Start of Records
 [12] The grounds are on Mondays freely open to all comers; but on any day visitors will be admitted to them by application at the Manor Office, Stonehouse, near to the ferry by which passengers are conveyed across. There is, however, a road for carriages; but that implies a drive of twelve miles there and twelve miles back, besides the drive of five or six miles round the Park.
End of Records
Start of Records
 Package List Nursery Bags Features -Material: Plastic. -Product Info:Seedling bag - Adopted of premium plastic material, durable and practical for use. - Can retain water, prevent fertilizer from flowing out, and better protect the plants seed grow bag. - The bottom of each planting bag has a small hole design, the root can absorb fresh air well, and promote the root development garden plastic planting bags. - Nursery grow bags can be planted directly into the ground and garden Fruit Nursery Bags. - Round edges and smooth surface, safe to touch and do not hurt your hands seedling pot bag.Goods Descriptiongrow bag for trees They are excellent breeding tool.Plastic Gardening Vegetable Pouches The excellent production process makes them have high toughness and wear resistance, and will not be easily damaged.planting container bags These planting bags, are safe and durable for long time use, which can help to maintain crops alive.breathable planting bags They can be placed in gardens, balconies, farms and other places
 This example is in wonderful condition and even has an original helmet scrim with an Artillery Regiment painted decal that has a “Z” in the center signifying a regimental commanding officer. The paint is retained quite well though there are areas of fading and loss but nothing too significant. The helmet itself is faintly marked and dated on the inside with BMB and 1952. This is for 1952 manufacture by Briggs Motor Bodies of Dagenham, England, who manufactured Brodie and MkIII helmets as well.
End of Records
Start of Records
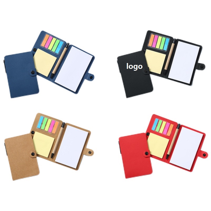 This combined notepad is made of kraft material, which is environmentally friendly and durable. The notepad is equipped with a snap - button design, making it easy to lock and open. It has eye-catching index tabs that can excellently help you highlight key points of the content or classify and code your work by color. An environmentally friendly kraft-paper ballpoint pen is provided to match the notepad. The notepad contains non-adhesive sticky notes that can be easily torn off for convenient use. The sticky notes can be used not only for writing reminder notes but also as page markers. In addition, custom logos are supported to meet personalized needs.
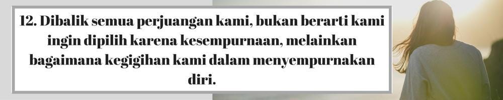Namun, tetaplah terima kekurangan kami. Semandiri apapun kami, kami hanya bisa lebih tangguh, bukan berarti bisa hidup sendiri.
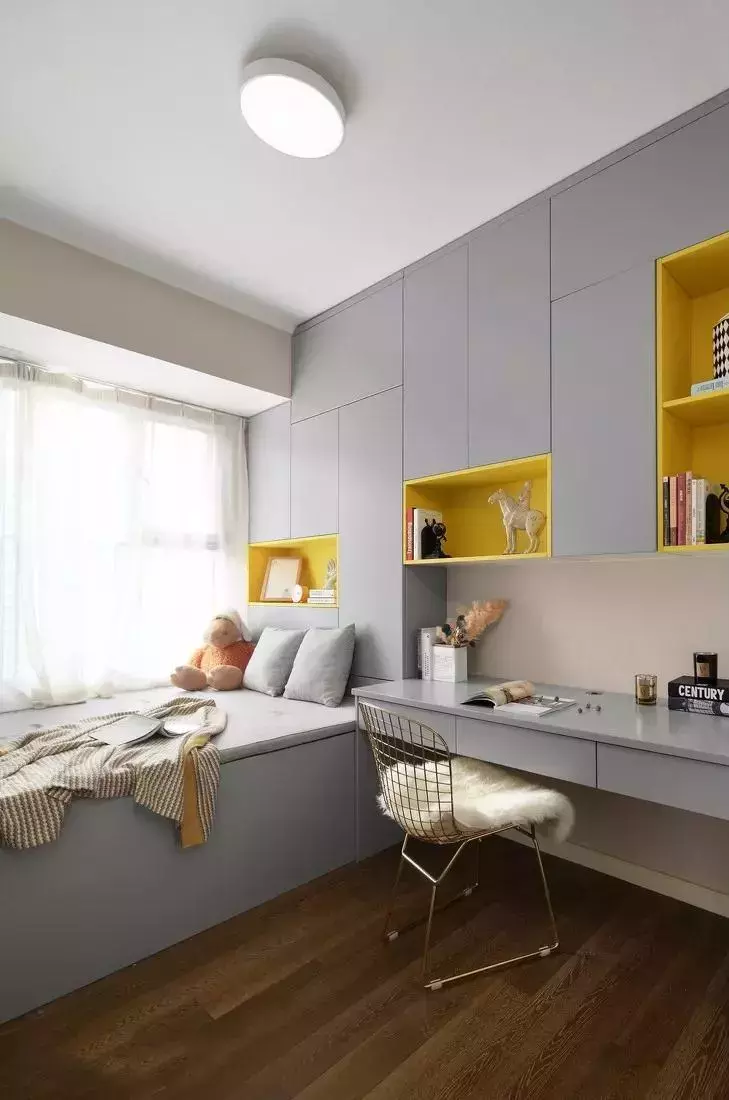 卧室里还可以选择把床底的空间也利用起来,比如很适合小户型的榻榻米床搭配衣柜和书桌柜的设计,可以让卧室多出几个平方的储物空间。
End of Records
What is required: Using the material above, find each line that holds "them" and copy that line.

Exercise output:
 [12] The grounds are on Mondays freely open to all comers; but on any day visitors will be admitted to them by application at the Manor Office, Stonehouse, near to the ferry by which passengers are conveyed across. There is, however, a road for carriages; but that implies a drive of twelve miles there and twelve miles back, besides the drive of five or six miles round the Park.
 Package List Nursery Bags Features -Material: Plastic. -Product Info:Seedling bag - Adopted of premium plastic material, durable and practical for use. - Can retain water, prevent fertilizer from flowing out, and better protect the plants seed grow bag. - The bottom of each planting bag has a small hole design, the root can absorb fresh air well, and promote the root development garden plastic planting bags. - Nursery grow bags can be planted directly into the ground and garden Fruit Nursery Bags. - Round edges and smooth surface, safe to touch and do not hurt your hands seedling pot bag.Goods Descriptiongrow bag for trees They are excellent breeding tool.Plastic Gardening Vegetable Pouches The excellent production process makes them have high toughness and wear resistance, and will not be easily damaged.planting container bags These planting bags, are safe and durable for long time use, which can help to maintain crops alive.breathable planting bags They can be placed in gardens, balconies, farms and other places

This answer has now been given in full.